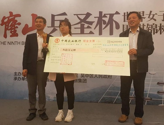 ▲ 최정 9단(가운데)에게는 우승상금 30만 위안이 주어졌다.
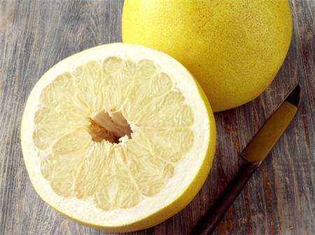 做法:鲜柚子一个,去皮、瓤,榨汁服用
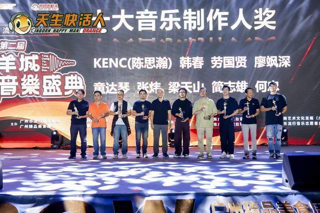 荣获第二届羊城音乐盛典十大音乐制作人奖的有:KENC(陈思瀚)、韩春、劳国贤、廖飒深、童达琴、张炜、梁天山、简志雄、何忠。原广东广播电视台副总编辑、粤港澳大湾区音乐艺术联盟常务副主席谭天玄为十大音乐制作人颁奖。
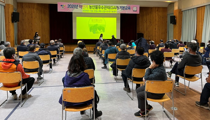 [부자동네타임즈 김인수기자] 고양시는 지난 11월 25일 65명의 농업인이 참여한 가운데 농업기술센터 대강당에서 ‘2021년 하반기 농산물우수관리(GAP) 기본교육’을 실시했다.
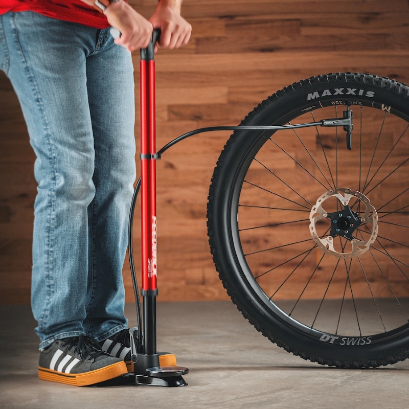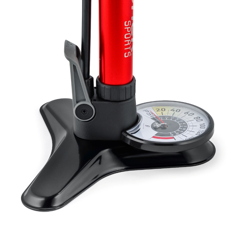 - デュアル機能フロアポンプ:通常の高圧フロアポンプとして使用可能 (フットレバーを上げた状態) 内蔵されたエアタンクを使って、一気に強力な空気を送りこむ"ブースト"機能も搭載 (フットレバーを下げてタンクに圧着→レバーを戻すと一気に噴射)
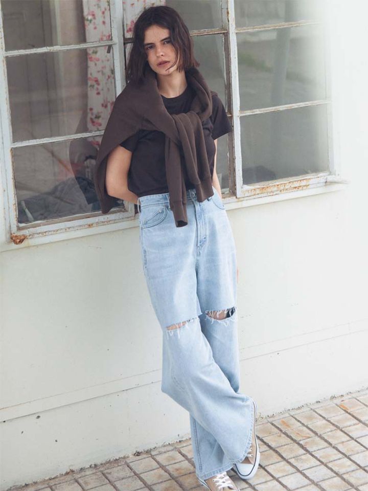 Tシャツなのにエレガントに着られる、ジャストめのサイジングと深みのあるブラウン。つまり気味のネックラインのおかげで、1枚でもシックに決まる。黒のように使えて、黒よりもやさしい色みならば、カジュアルなスタイリングも女性らしくやわらかい雰囲気に。
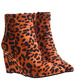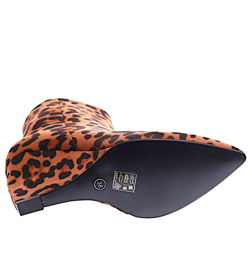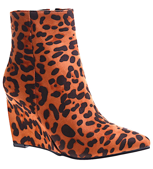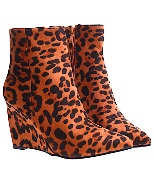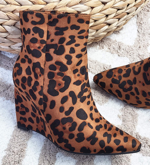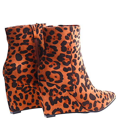 Brązowe ocieplane botki na koturnie leopard /C5-3 15336 T230/
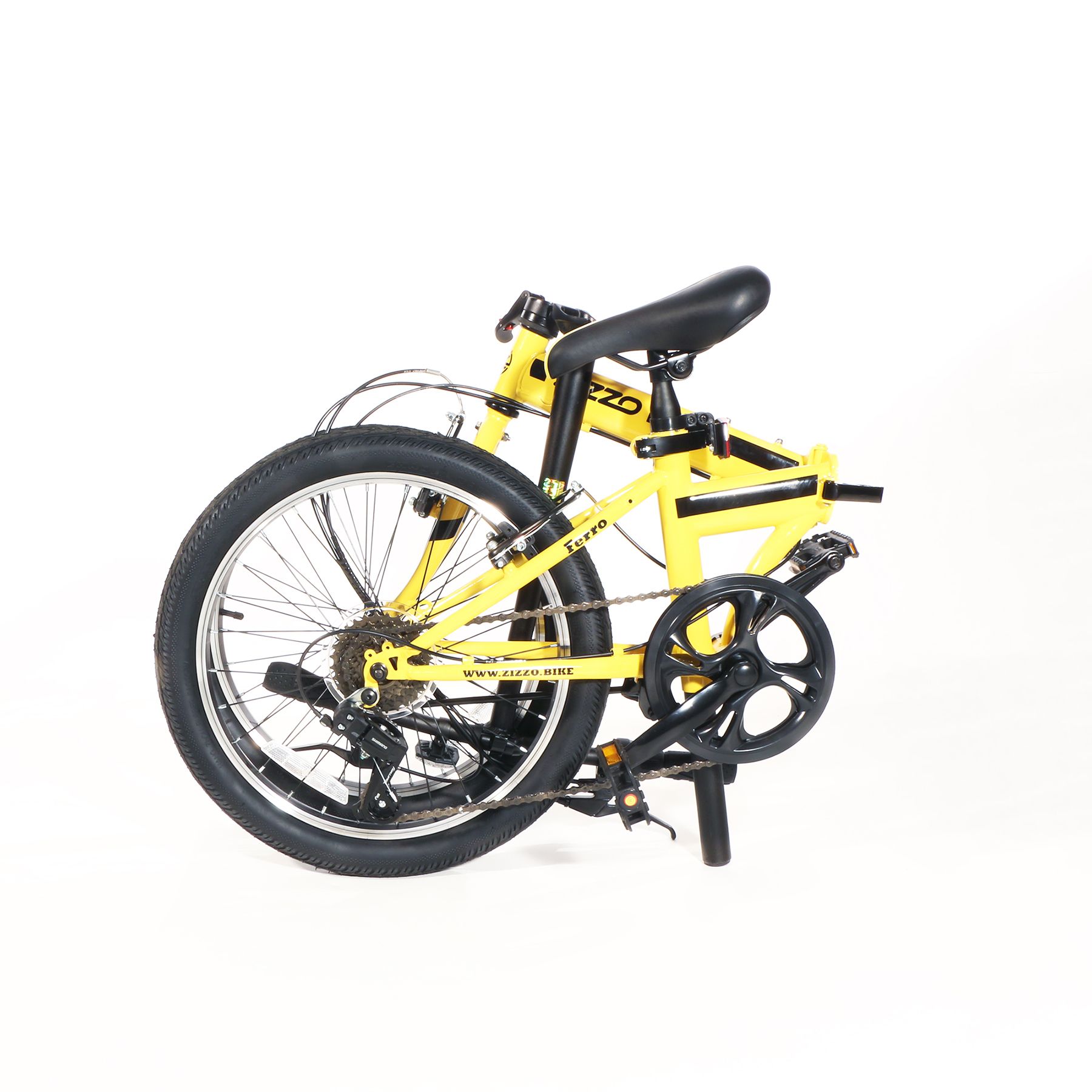 The Zizzo Ferro 20" High Tensile Steel Frame, 7-Speed Folding Bicycle, 20"L x 1.95"W all-terrain tires features adjustable height alloy handlebar post, and alloy seat post to accommodate most riders from 4'10" to 6'3". Zizzo bikes use industry-standard components. This bike comes in white.
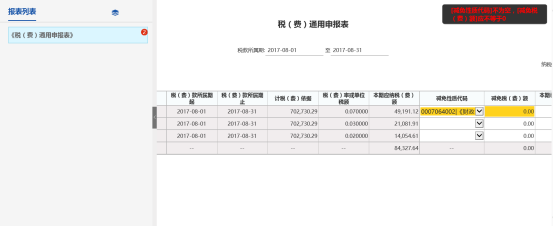 4、填寫【稅(費)通用申報表】,系統(tǒng)提供了完善的表內、表間的自動計算和校驗的功能,如校驗不通過,頁面出現黃色格子,移動鼠標至該格子,頁面顯示校驗不通過的提示。
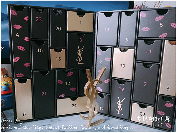 回到重頭戲,也就是這一次YSL首度推出的聖誕倒數日曆,其全名是金燦情迷聖誕倒數月曆,主要也是follow這一次YSL的聖誕彩妝的系列名稱,其在包裝設計,也同樣的將整個YSL Cassandre Logo給一整個放大、最大然後作為整個包裝的主要封面,其金蔥對比極致黑底,更襯出宛如黑夜中的YSL花火般的盛放、同時美麗,旁邊還伴有一個小嘴唇的可愛設計。
_____
Work instruction:
To complete this exercise, transcribe exactly the lines above from the one that holds "- デュアル機能フロアポンプ:通常の高圧フロアポンプとして使用可能 (フットレバーを上げた状態)" through the one that holds "Brązowe ocieplane botki". Pictures stay out.

Result:
 - デュアル機能フロアポンプ:通常の高圧フロアポンプとして使用可能 (フットレバーを上げた状態) 内蔵されたエアタンクを使って、一気に強力な空気を送りこむ"ブースト"機能も搭載 (フットレバーを下げてタンクに圧着→レバーを戻すと一気に噴射)
 Tシャツなのにエレガントに着られる、ジャストめのサイジングと深みのあるブラウン。つまり気味のネックラインのおかげで、1枚でもシックに決まる。黒のように使えて、黒よりもやさしい色みならば、カジュアルなスタイリングも女性らしくやわらかい雰囲気に。
 Brązowe ocieplane botki na koturnie leopard /C5-3 15336 T230/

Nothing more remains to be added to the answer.